2 Kasım 2022 Çarşamba

 

PİANO PİANO BACAKSIZ (1990) 



Senaryo ve Yönetmen: Tunç Başaran (Kemal Demirel'in "Evimizin İnsanları" isimli kitabından uyarlama) Görüntü Yönetmeni: Colen Molinier Müzik: Can Kozlu Yapım: Çiçek Film/Arif Keskiner, Jale Onanç Editör: Veli Akbaşlı, Kurgu: Veli Akbaşlı, Yardımcı Yönetmen: Jale Başaran, Kamera Asistanı: Kemal Şanlı, Negatif Kurgu: Tamer Eşkazan, Film Baskı: Ayhan Şen, Uğur Orbay, Işık Şefi: Nezir Yücel, Berzan Yücel, Ses Kayıt: Tuncer Aydınoğlu, Seslendirme Yönetmeni: Erhan Yazıcıoğlu,

Oyuncular: Rutkay Aziz (Kerim), Emin Sivas (Kemal), Serap Aksoy (Kamile), Ayşegül Ünsal (Feriha), Yaman Okay (Hızır), Taner Barlas (Senayi), Yalçın Güzelce (Hasan), Meral Çetinkaya (Münevver), Özcan Özgür (Abdurrahman), Suna Selen (Sıdıka), Meriç Başaran (Ulviye), Cemal San, Sabriye Kara (Asiye), Müşfik Kenter (Büyük Kemal), Menderes Samancılar (Tevfik), Mustafa Göçmen

KONU: 1940'lı yıllarda 'dışarıda' Dünya Savaşı tüm hızıyla sürerken, İstanbul'daki eski bir konağın odalarında yaşayan yoksul ailelerin sıcacık öyküsü. Sıkıntı diz boyudur, ekmek karneye bağlanmıştır ama kahramanlarımız gene de güler yüzlü ve umutludur, çünkü her birinin geleceğe ilişkin düşleri vardır. O iyi insanlar ve yaşadıkları, sekiz dokuz yaşlarındaki bir çocuğun gözünden aktarılır.
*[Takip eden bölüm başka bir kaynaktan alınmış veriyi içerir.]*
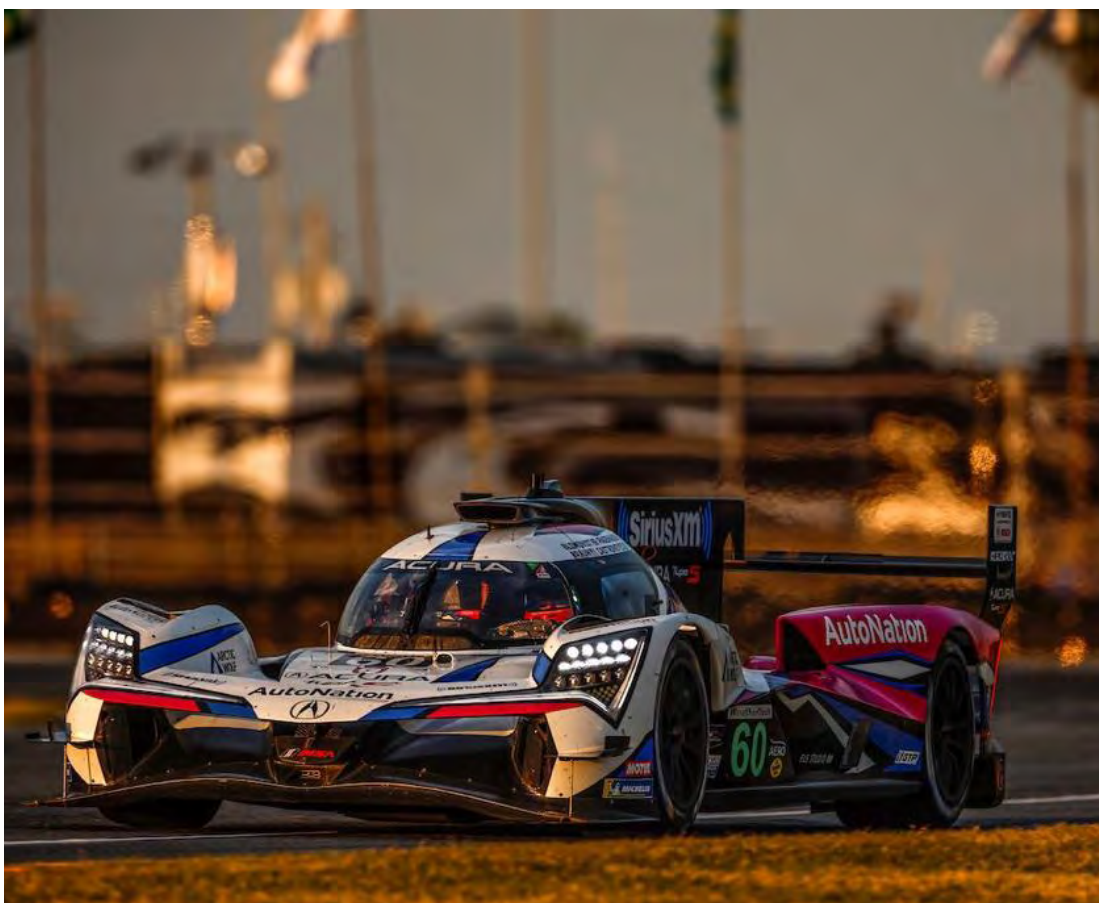
Meyer Shank larga na frente nas 24 Horas de Daytona.

O melhor Cadillac é o #01, da Ganassi, que Sébastien Bourdais colocou na quarta posição. Divide a segunda

Tunç Başaran'ın "Uçurtmayı Vurmasınlar"m ardından bir kez daha büyüklerin dünyasını anlamaya çalışan bir çocuğu başköşeye oturttuğu "Piano Piano Bacaksız", Kemal Demirel'in 1985'te yayımlanan "Evimizin İnsanları" adlı romanından uyarlama.
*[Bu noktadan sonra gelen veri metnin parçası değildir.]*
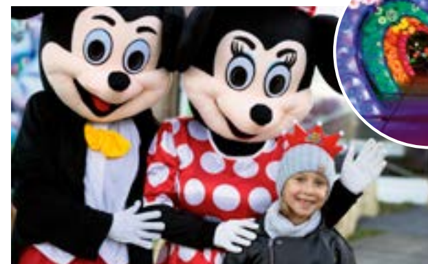
▲ Deti sa môžu odfotiť s postavami, ktoré poznajú z rozprávok.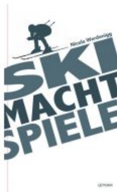
SKI MACHT SPIELE Ladenpreis: 12,90 EUR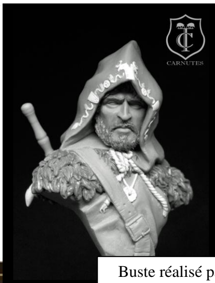
Buste réalisé par Les Carnutes : Greg Girault, Florent Desmerger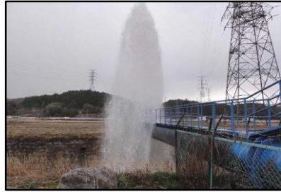
水管橋空気弁からの漏水(福島県)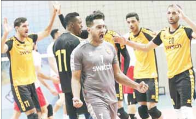
دشتي مع القادسية بقاء سابق

Annesi Kerime ve babası Kumarcı Hasan'la birlikte yaşayan Kemal, konaktakilcrin neşe kaynağıdır. Mahallenin açık hava sinemasında çalışarak harçlığını çıkarmaya çalışan, ayağı çıplak, gömleği yırtık küçük çocuğun hayallerini, satın alacağı gıcır gıcır çizmeler süslemektedir. Konakta yaşayanların umudu olan dayısı Kerim onun gözünde tam bir kahramandır, çünkü yaşanan sefalete son verecek tek insandır. Kendi dünyasında yaşayan biraz garip bir adam olan Kerim'in düşlerinde ise İtalya'ya gitmek vardır. Bir de 'Hızır' dolaşır ortalıkta, en lazım olduğu anlarda yetişen... 10. Uluslararası İstanbul Film Festivali'nde En iyi Yönetmen ödülünü Fehmi Yaşar'la ("Camdan Kalp") paylaşan Tunç Başaran, "Çoğu insanın şans yıldızı gökyüzündeyken küçük Kemal'in yıldızı eski konağın bahçesinde bulunan kör kuyunun içindedir. İnsanın yoksulu, üstelik Kemal gibi küçük bir çocuksa, barıştan yana, umuttan yanadır" diyerek tanımlar filmin başkarakteıini. Kemal'in babasıyla birlikte yatağın yünlerini havaya atışı ya da hamur alması için verilen beş kuruşla beş kuruşluk bir pastanın karşısında nefis mücadelesi vermesi, filmin unutulmaz sahnelerindendir. Müşfik Kenter'in anlatıcı olarak sesiyle, Neşet Ruacan'ın müzikleriyle hayat verdiği "Piano Piano Bacaksız"da Rutkay Aziz'in, Kamile Teyze rolündeki Serap Aksoy'un, Hızır rolündeki Yaman Okay'ın ya da çalınan tavuğunu geri almaya çalışan Sıdıka Hanım'ı canlandıran Suna Selen'in katkıları da yüksek düzeydedir. Genellikle kapalı mekanda geçen, şehri, konağın çevresini bile geniş geniş göstermeyen film, Kemal Demirel'in hüzünlü bir iyimserlikle örülü masalsı romanını beyazperdeye neredeyse bire bir aktaran Tunç Başaran'ın edebiyat uyarlamalarındaki başarısını bir kez daha gözler önüne serer. (T.A.) Sinema En İyi Yüz Film.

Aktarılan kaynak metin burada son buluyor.